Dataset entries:
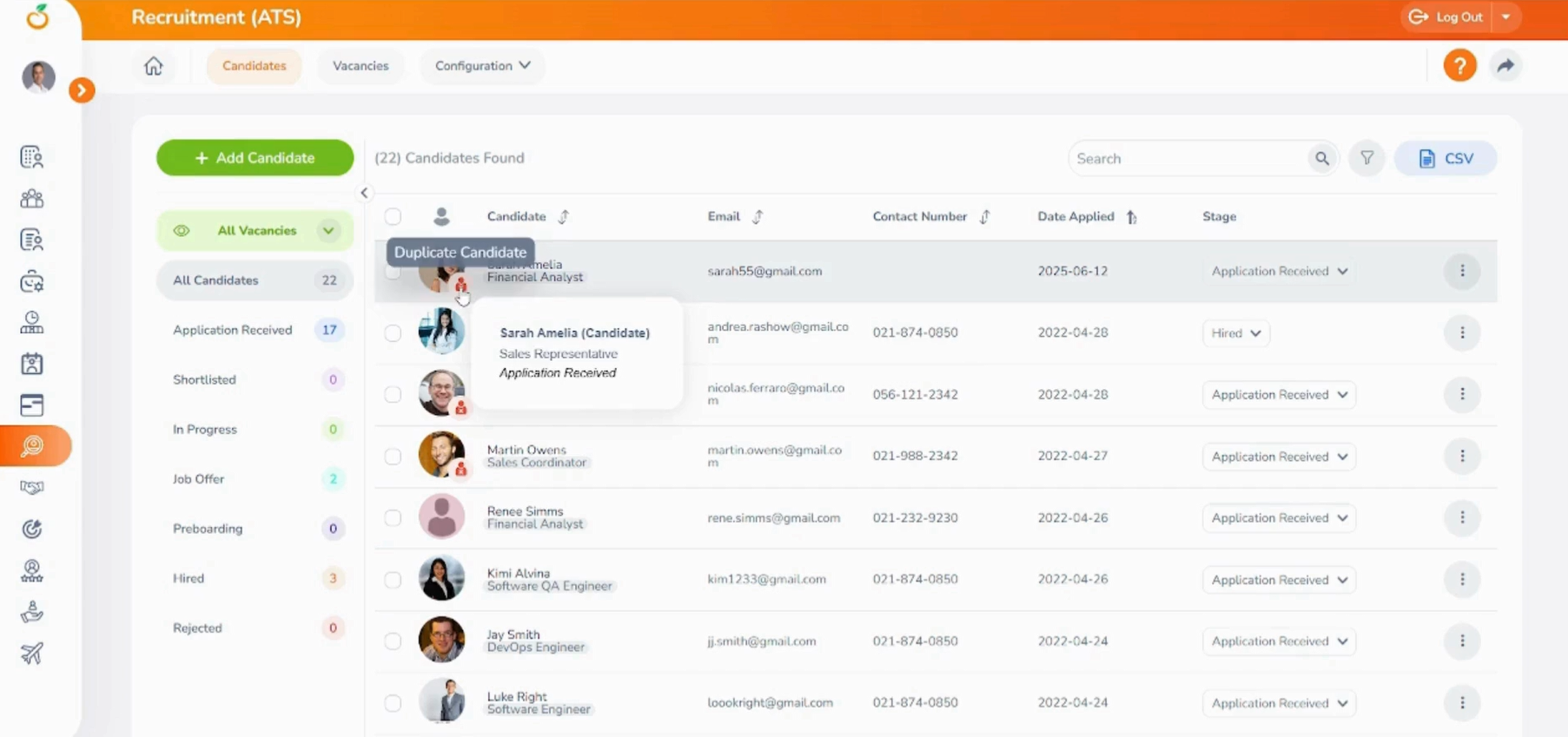 OrangeHRM now makes it easier than ever to recognize candidates who are former employees or previous applicants. With our enhanced detection feature, recruiters gain instant visibility into a candidate’s history using email-based identification—eliminating duplicate screening and streamlining hiring decisions. This intelligent update not only reduces manual effort but also helps uncover valuable rehire opportunities by providing clear historical context right from the Candidate List and Profile views.
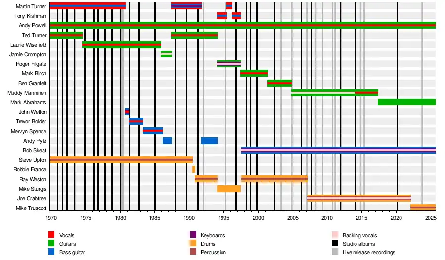 Powell rebuilt the band with the addition of guitarist Roger Filgate, bassist Tony Kishman and drummer Mike Sturgis.[17][18][19] Martin Turner briefly returned for the group's 25th anniversary tour in 1995 and began working on new material, before leaving for a third and final time.[15] After the release and touring of Illuminations, Filgate, Kishman and Sturgis were replaced by Mark Birch, Bob Skeat and Weston, respectively.[20] Birch remained until 2001, when he was replaced by Finnish guitarist Ben Granfelt.[21] After the studio album Bona Fide and live release Almighty Blues: London & Beyond, Granfelt left in 2004 after playing his final show on 30 October.[22] He was replaced by another Finnish guitarist, Jyrki "Muddy" Manninen.[23] Long-term drummer Weston left for a second time in early 2007 due to tiring of touring, with Joe Crabtree taking his place.[24] on 9 May 2017, when Mark Abrahams replaced Manninen as their ninth guitarist.[25] In 2022 Crabtree left the band and was replaced by Mike Truscott.[26]
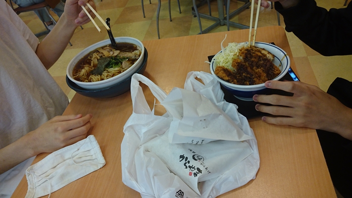 新潟のショッピングセンターでお昼ご飯。長男はラーメン、次男はソースかつ丼+唐揚げ。私はかつ丼。 |
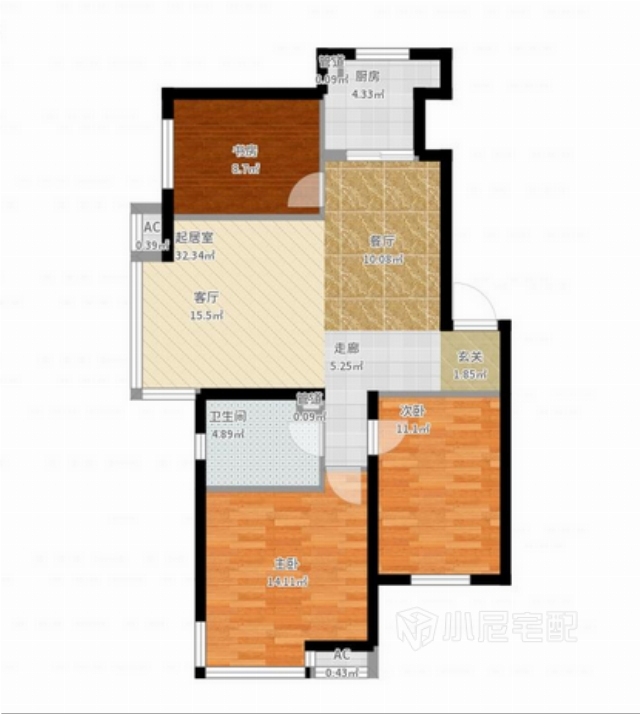 臥室:主觀是讓室內(nèi)更顯明亮,木制家具保留自然紋理,帶您走進一股清新的森林感。
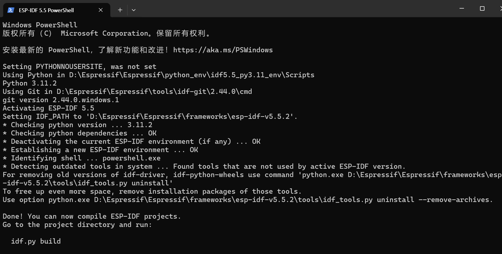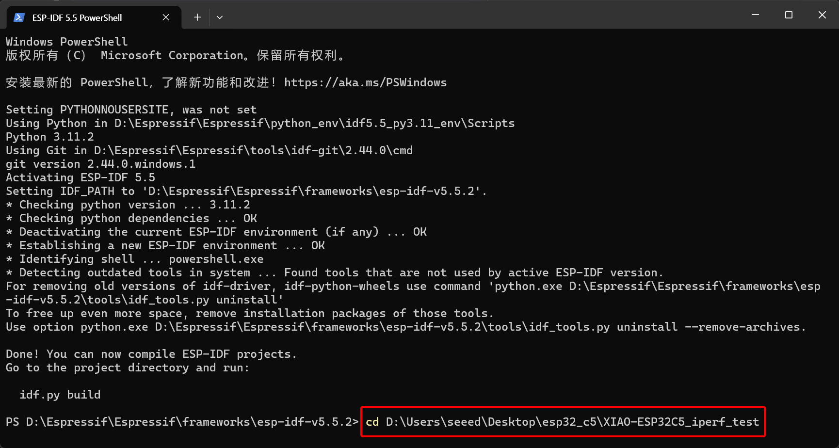 Step 1. Click on ESP-IDF 5.5 PowerShell on the desktop; an environment check will then be performed.
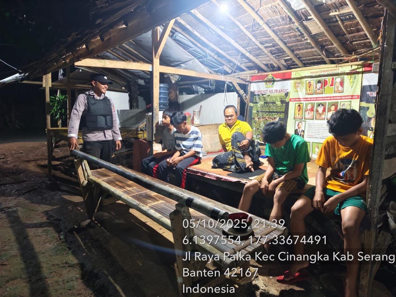 *Polres Cilegon* || Personil Bhabinkamtibmas Polsek Cinangka melaksanakan Program Komandan Wish Kapolda Banten RONDA SATKAMLING menyampaikan komunikasi dengan Petugas Siskamling agar berperan aktif dalam menciptakan Harkamtibmas yang aman dan Kondusif, Senin (06/10/2025).

PROBLEM DETAILS:
Could you transcribe all of the data exactly and omit the pictures?

EXPECTED ANSWER:
 OrangeHRM now makes it easier than ever to recognize candidates who are former employees or previous applicants. With our enhanced detection feature, recruiters gain instant visibility into a candidate’s history using email-based identification—eliminating duplicate screening and streamlining hiring decisions. This intelligent update not only reduces manual effort but also helps uncover valuable rehire opportunities by providing clear historical context right from the Candidate List and Profile views.
 Powell rebuilt the band with the addition of guitarist Roger Filgate, bassist Tony Kishman and drummer Mike Sturgis.[17][18][19] Martin Turner briefly returned for the group's 25th anniversary tour in 1995 and began working on new material, before leaving for a third and final time.[15] After the release and touring of Illuminations, Filgate, Kishman and Sturgis were replaced by Mark Birch, Bob Skeat and Weston, respectively.[20] Birch remained until 2001, when he was replaced by Finnish guitarist Ben Granfelt.[21] After the studio album Bona Fide and live release Almighty Blues: London & Beyond, Granfelt left in 2004 after playing his final show on 30 October.[22] He was replaced by another Finnish guitarist, Jyrki "Muddy" Manninen.[23] Long-term drummer Weston left for a second time in early 2007 due to tiring of touring, with Joe Crabtree taking his place.[24] on 9 May 2017, when Mark Abrahams replaced Manninen as their ninth guitarist.[25] In 2022 Crabtree left the band and was replaced by Mike Truscott.[26]
 新潟のショッピングセンターでお昼ご飯。長男はラーメン、次男はソースかつ丼+唐揚げ。私はかつ丼。 |
 臥室:主觀是讓室內(nèi)更顯明亮,木制家具保留自然紋理,帶您走進一股清新的森林感。
 Step 1. Click on ESP-IDF 5.5 PowerShell on the desktop; an environment check will then be performed.
 *Polres Cilegon* || Personil Bhabinkamtibmas Polsek Cinangka melaksanakan Program Komandan Wish Kapolda Banten RONDA SATKAMLING menyampaikan komunikasi dengan Petugas Siskamling agar berperan aktif dalam menciptakan Harkamtibmas yang aman dan Kondusif, Senin (06/10/2025).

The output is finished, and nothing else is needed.